◆ **Supplied material**
----

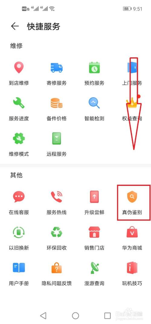打开服务,点击更多,点击真伪鉴别,点击网站查询或电话查询。
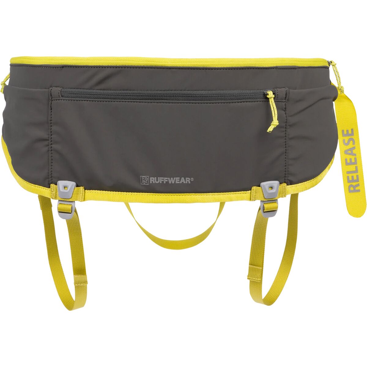 - [harness stack-up] 150D polyester ripstop, PFC-free DWR finish, PU coating, [padding] polyethylene foam, 75D polyester lining, PFC-free DWR finish, PU coating, [webbing] nylon, [towline] 75% polyester, 25% elastic, [hipbelt] 82% nylon, 18% elastic, 150D polyester, PFC-free DWR finish
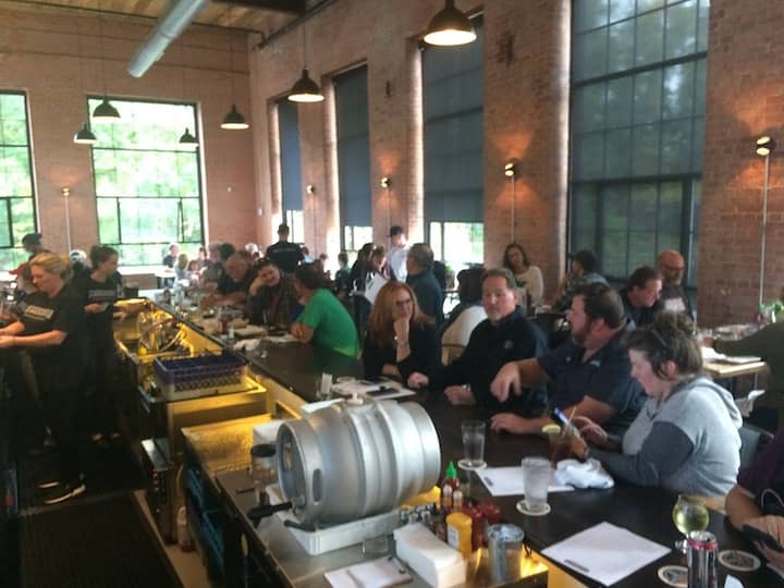 The craft brewery offers tacos, flat breads, sliders and appetizers along with a selection of stouts, festbiers, ales and IPAs, marketed along an industrial theme with names including Weathering Steel and Raw Materials.
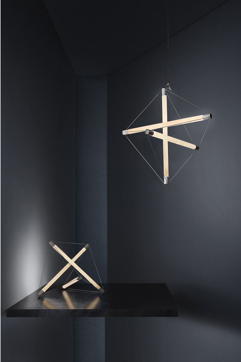 Viseča luč, ki očara s svojo skrivnostno tehnično izvedbo. Tri svetlobne cevi so povezne s tankimi palicami, ki pošiljajo napajanje, a ni moč ugotoviti, kje se elekrtična moč začne in konča. Light Structure osvetljuje prostor s prijetno razpršeno svetlobo. Na voljo tudi talna različica.
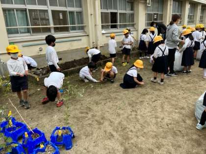 2年生みんなで学習園の草ひきをしてくれました。新しく野菜などの苗を植えるのが楽しみですね。
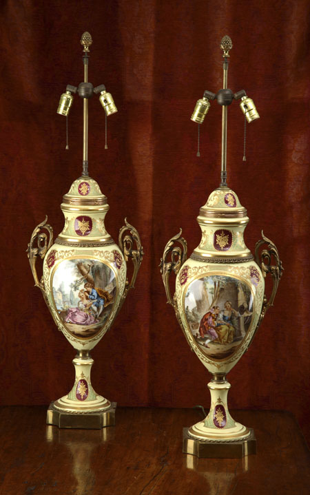 converted to lamps, each of baluster form, and with giltmetal scroll handles and mounts, decorated with red painted oval panels decorated with gilt rose sprigs, between green borders decorated with gilt trellis work and gilt scrolling, against a pale yellow background, with opposed oval painted panels, one side with a courting couple, the other with a landscape scene (2)
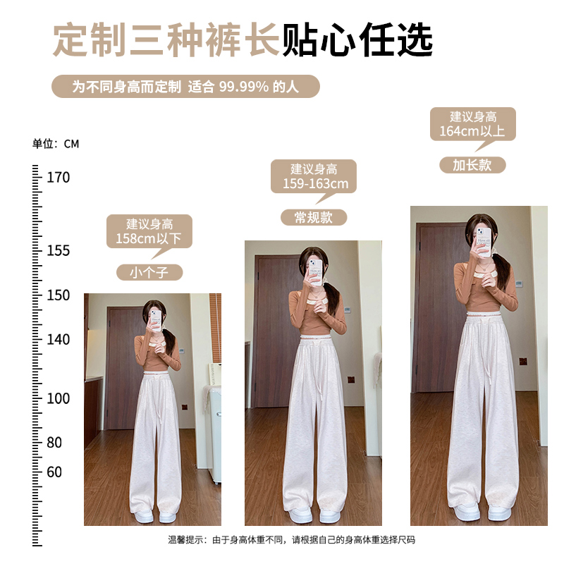 休闲显瘦卫裤 白灰色运动裤 高腰直筒宽松阔腿美式 春秋季 女2025新款
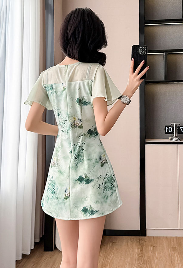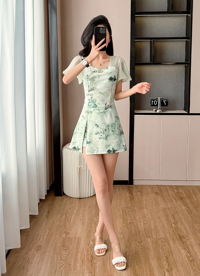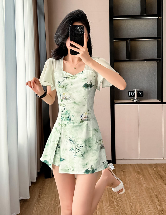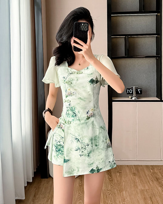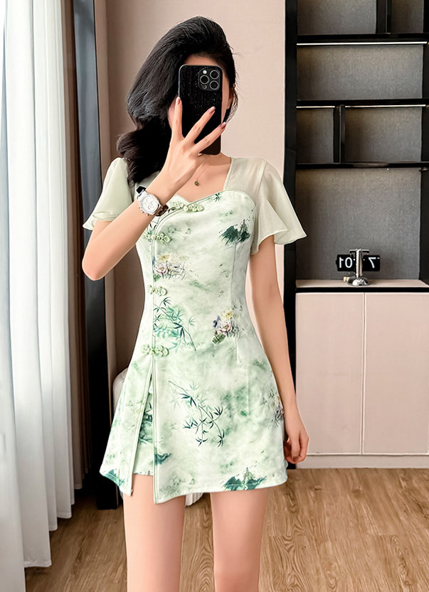 | Feature | SquareVNeckline Dating Cheongsam Irregular Slit BellS DinnerC Girlish FloraM Plus FloralM Pockets Green |
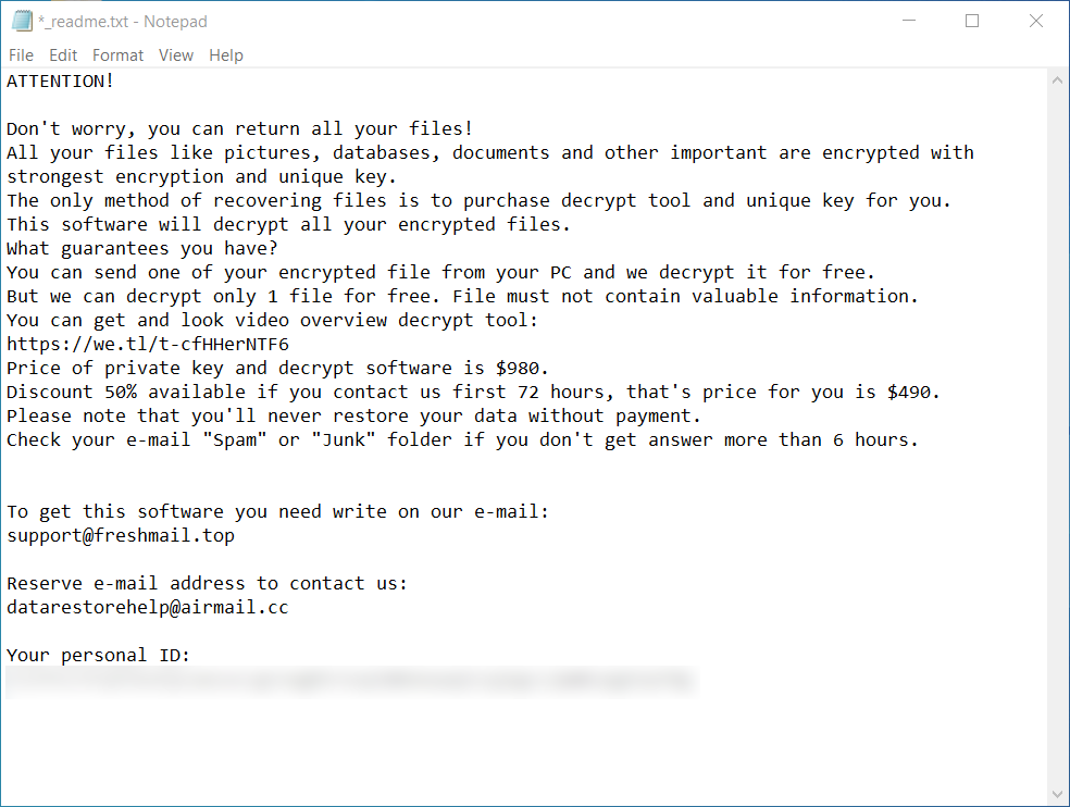 Ppvt Ransomware is harmful and dangerous file-encrypting infection that restricts access to data by encrypting files with the “.PPVT” extension. It is a variant of the notorious STOP/DJVU ransomware family. This ransomware targets images, documents, videos, and other important files on infected computers, encrypting them and appending the .ppvt extension to the filenames, rendering them inaccessible. Upon infection, the PPVT ransomware scans the computer for specific file types such as .doc, .docx, .xls, .pdf, and more. When these files are detected, the ransomware encrypts them and makes them inaccessible. The ransomware uses the Salsa20 encryption algorithm, which is a robust ciphering algorithm that provides an overwhelming amount of possible decryption keys. Once the Ppvt Ransomware has encrypted the files on your computer, it drops a ransom note named _readme.txt on the desktop. This note contains instructions on how to contact the authors of the ransomware and demands payment in Bitcoin cryptocurrency in exchange for the decryption key.

----

The answer should contain every line of the material exactly as written and no pictures.

◆ **Exercise solution**
打开服务,点击更多,点击真伪鉴别,点击网站查询或电话查询。
 - [harness stack-up] 150D polyester ripstop, PFC-free DWR finish, PU coating, [padding] polyethylene foam, 75D polyester lining, PFC-free DWR finish, PU coating, [webbing] nylon, [towline] 75% polyester, 25% elastic, [hipbelt] 82% nylon, 18% elastic, 150D polyester, PFC-free DWR finish
 The craft brewery offers tacos, flat breads, sliders and appetizers along with a selection of stouts, festbiers, ales and IPAs, marketed along an industrial theme with names including Weathering Steel and Raw Materials.
 Viseča luč, ki očara s svojo skrivnostno tehnično izvedbo. Tri svetlobne cevi so povezne s tankimi palicami, ki pošiljajo napajanje, a ni moč ugotoviti, kje se elekrtična moč začne in konča. Light Structure osvetljuje prostor s prijetno razpršeno svetlobo. Na voljo tudi talna različica.
 2年生みんなで学習園の草ひきをしてくれました。新しく野菜などの苗を植えるのが楽しみですね。
 converted to lamps, each of baluster form, and with giltmetal scroll handles and mounts, decorated with red painted oval panels decorated with gilt rose sprigs, between green borders decorated with gilt trellis work and gilt scrolling, against a pale yellow background, with opposed oval painted panels, one side with a courting couple, the other with a landscape scene (2)
 休闲显瘦卫裤 白灰色运动裤 高腰直筒宽松阔腿美式 春秋季 女2025新款
 | Feature | SquareVNeckline Dating Cheongsam Irregular Slit BellS DinnerC Girlish FloraM Plus FloralM Pockets Green |
 Ppvt Ransomware is harmful and dangerous file-encrypting infection that restricts access to data by encrypting files with the “.PPVT” extension. It is a variant of the notorious STOP/DJVU ransomware family. This ransomware targets images, documents, videos, and other important files on infected computers, encrypting them and appending the .ppvt extension to the filenames, rendering them inaccessible. Upon infection, the PPVT ransomware scans the computer for specific file types such as .doc, .docx, .xls, .pdf, and more. When these files are detected, the ransomware encrypts them and makes them inaccessible. The ransomware uses the Salsa20 encryption algorithm, which is a robust ciphering algorithm that provides an overwhelming amount of possible decryption keys. Once the Ppvt Ransomware has encrypted the files on your computer, it drops a ransom note named _readme.txt on the desktop. This note contains instructions on how to contact the authors of the ransomware and demands payment in Bitcoin cryptocurrency in exchange for the decryption key.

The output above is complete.